Exercise description.
Below are some records. Retype exactly the lines from the one containing "Hawkins advertised in" through the one containing "1. Key Features", both included, skipping every picture.

Provided data.
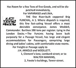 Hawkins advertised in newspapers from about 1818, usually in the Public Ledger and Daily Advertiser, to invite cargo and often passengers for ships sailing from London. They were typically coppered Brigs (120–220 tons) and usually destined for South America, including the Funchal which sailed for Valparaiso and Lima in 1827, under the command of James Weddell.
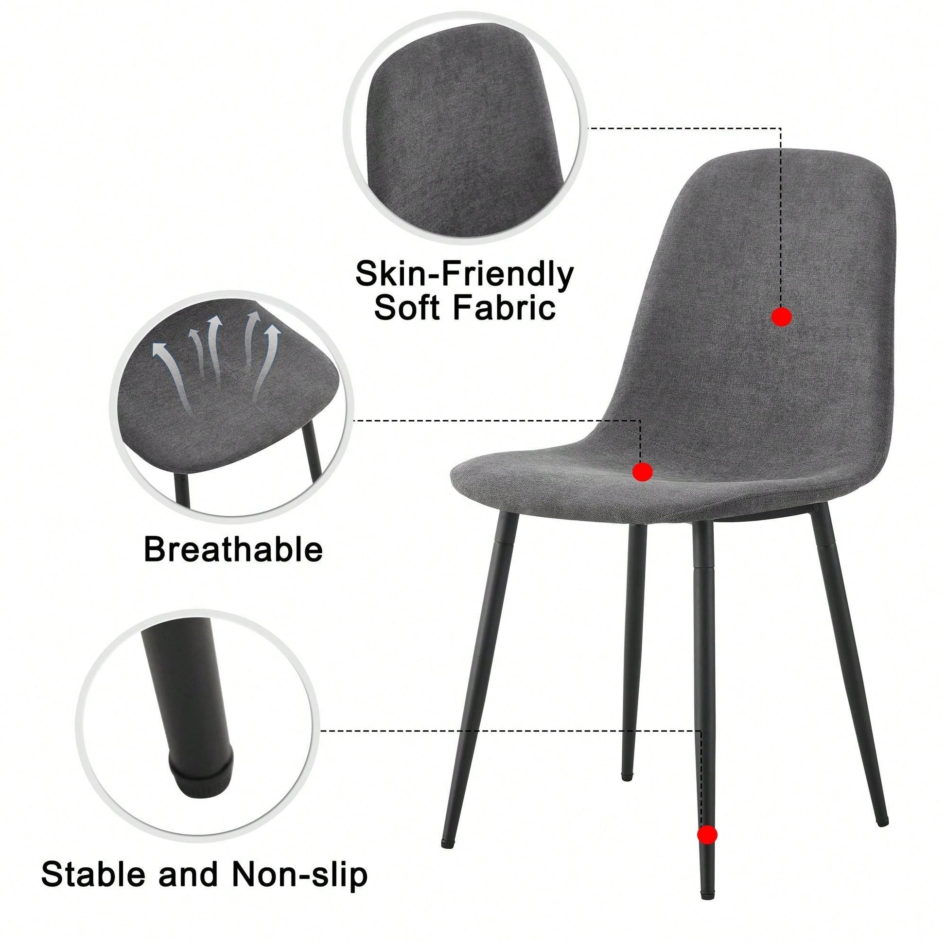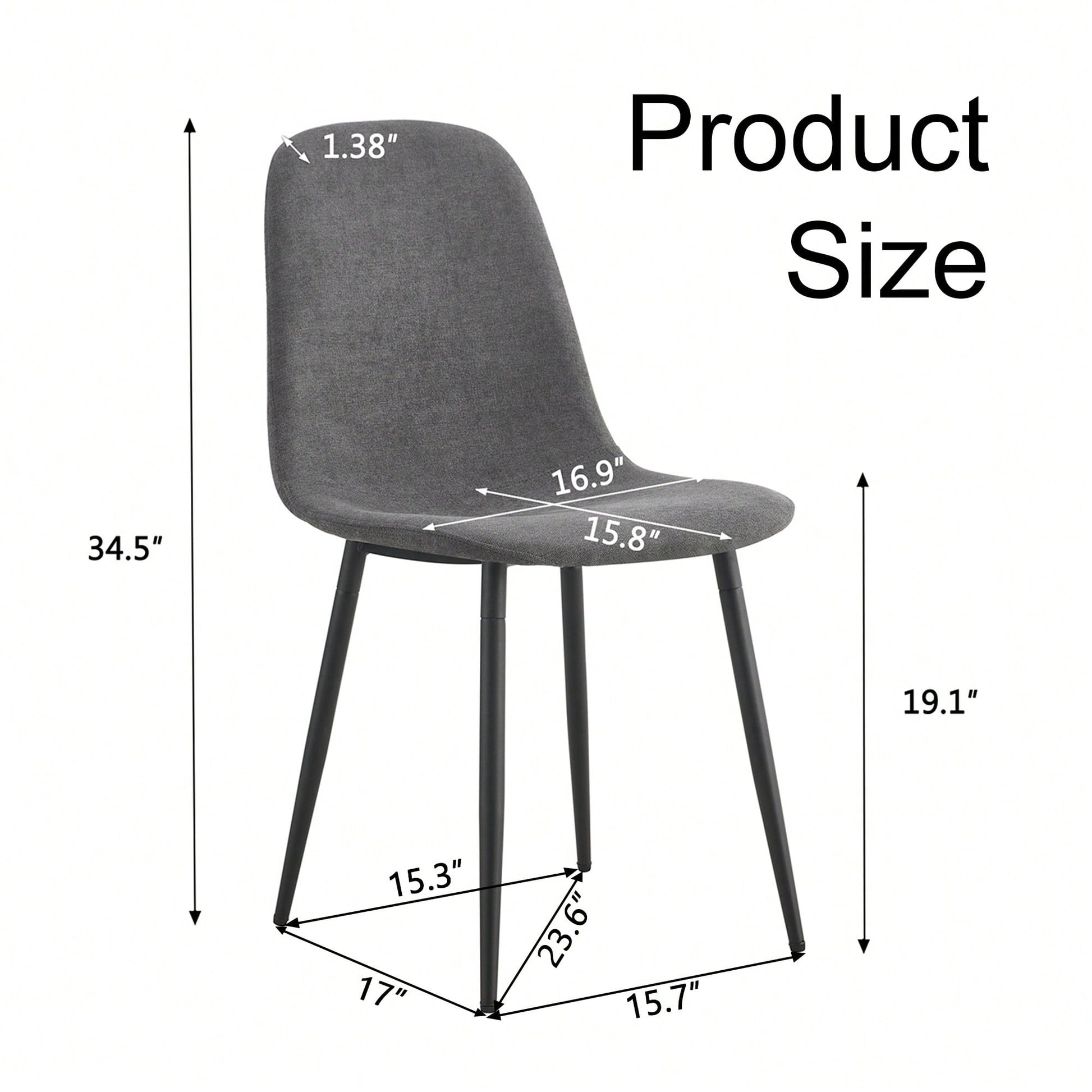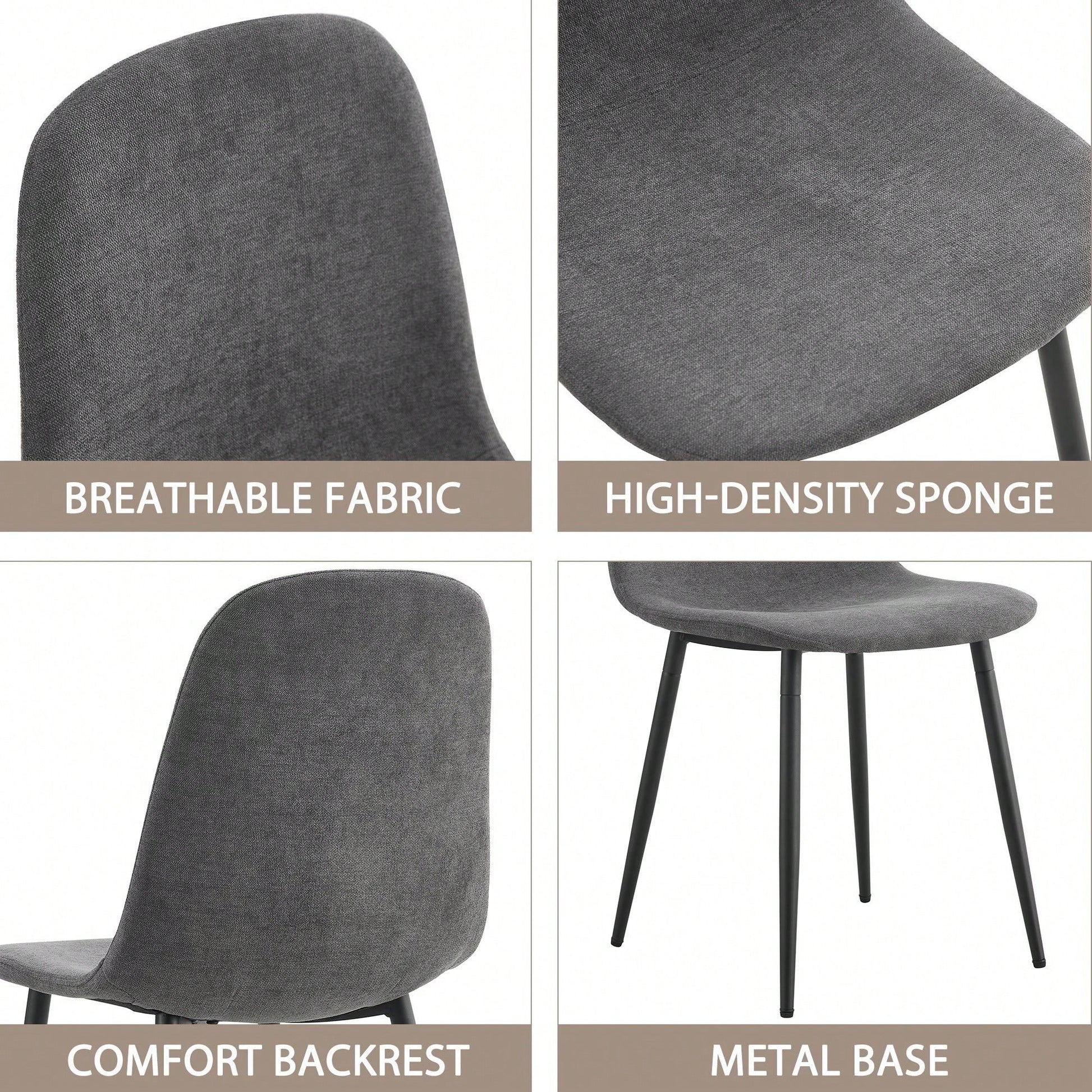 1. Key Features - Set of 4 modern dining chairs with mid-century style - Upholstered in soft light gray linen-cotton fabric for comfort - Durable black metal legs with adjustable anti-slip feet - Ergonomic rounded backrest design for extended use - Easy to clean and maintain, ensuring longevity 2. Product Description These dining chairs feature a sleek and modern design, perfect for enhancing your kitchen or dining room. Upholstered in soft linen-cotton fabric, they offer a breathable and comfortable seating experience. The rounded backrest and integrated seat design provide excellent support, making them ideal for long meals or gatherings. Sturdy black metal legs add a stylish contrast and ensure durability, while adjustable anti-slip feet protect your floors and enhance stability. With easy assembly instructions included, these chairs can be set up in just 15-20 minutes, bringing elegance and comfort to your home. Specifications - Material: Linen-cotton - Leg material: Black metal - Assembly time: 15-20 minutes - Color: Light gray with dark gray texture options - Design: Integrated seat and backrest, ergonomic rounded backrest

==

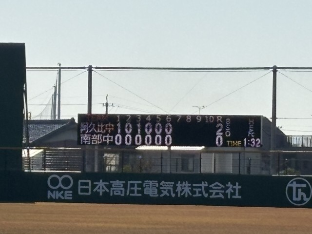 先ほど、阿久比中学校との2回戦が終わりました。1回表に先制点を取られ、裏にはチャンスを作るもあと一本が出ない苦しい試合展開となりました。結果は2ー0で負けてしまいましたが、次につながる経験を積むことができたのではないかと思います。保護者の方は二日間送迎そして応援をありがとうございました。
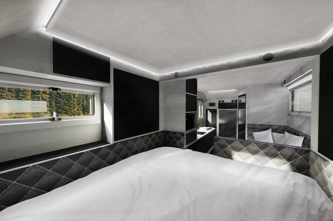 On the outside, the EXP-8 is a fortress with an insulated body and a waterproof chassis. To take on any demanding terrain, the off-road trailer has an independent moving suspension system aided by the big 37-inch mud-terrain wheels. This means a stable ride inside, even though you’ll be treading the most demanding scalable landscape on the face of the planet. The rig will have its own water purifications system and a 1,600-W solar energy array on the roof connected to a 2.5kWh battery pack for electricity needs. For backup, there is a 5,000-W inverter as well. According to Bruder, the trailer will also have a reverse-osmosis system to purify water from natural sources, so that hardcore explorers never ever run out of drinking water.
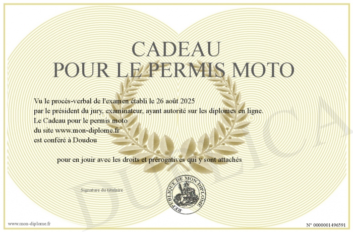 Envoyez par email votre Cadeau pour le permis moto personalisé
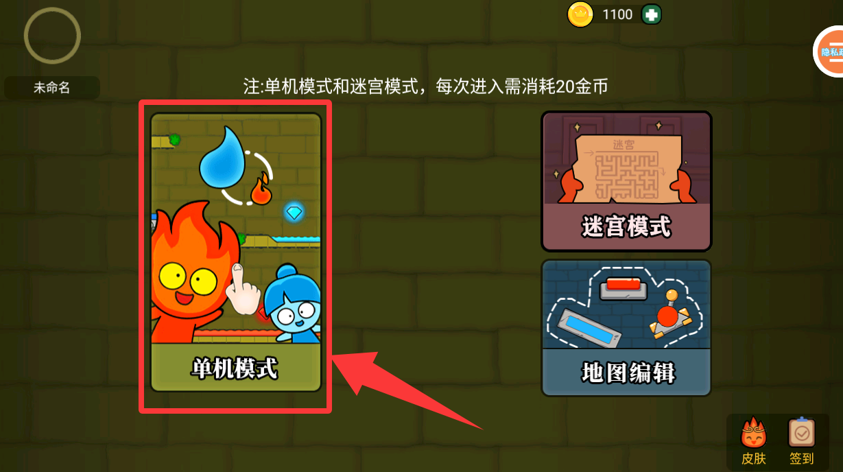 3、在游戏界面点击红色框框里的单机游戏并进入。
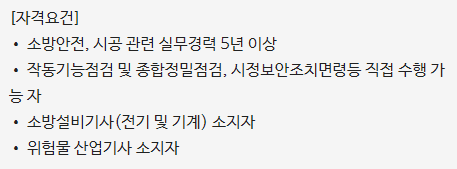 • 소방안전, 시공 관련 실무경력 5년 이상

...

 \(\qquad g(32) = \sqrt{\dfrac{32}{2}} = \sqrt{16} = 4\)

Task result.
 Hawkins advertised in newspapers from about 1818, usually in the Public Ledger and Daily Advertiser, to invite cargo and often passengers for ships sailing from London. They were typically coppered Brigs (120–220 tons) and usually destined for South America, including the Funchal which sailed for Valparaiso and Lima in 1827, under the command of James Weddell.
 1. Key Features - Set of 4 modern dining chairs with mid-century style - Upholstered in soft light gray linen-cotton fabric for comfort - Durable black metal legs with adjustable anti-slip feet - Ergonomic rounded backrest design for extended use - Easy to clean and maintain, ensuring longevity 2. Product Description These dining chairs feature a sleek and modern design, perfect for enhancing your kitchen or dining room. Upholstered in soft linen-cotton fabric, they offer a breathable and comfortable seating experience. The rounded backrest and integrated seat design provide excellent support, making them ideal for long meals or gatherings. Sturdy black metal legs add a stylish contrast and ensure durability, while adjustable anti-slip feet protect your floors and enhance stability. With easy assembly instructions included, these chairs can be set up in just 15-20 minutes, bringing elegance and comfort to your home. Specifications - Material: Linen-cotton - Leg material: Black metal - Assembly time: 15-20 minutes - Color: Light gray with dark gray texture options - Design: Integrated seat and backrest, ergonomic rounded backrest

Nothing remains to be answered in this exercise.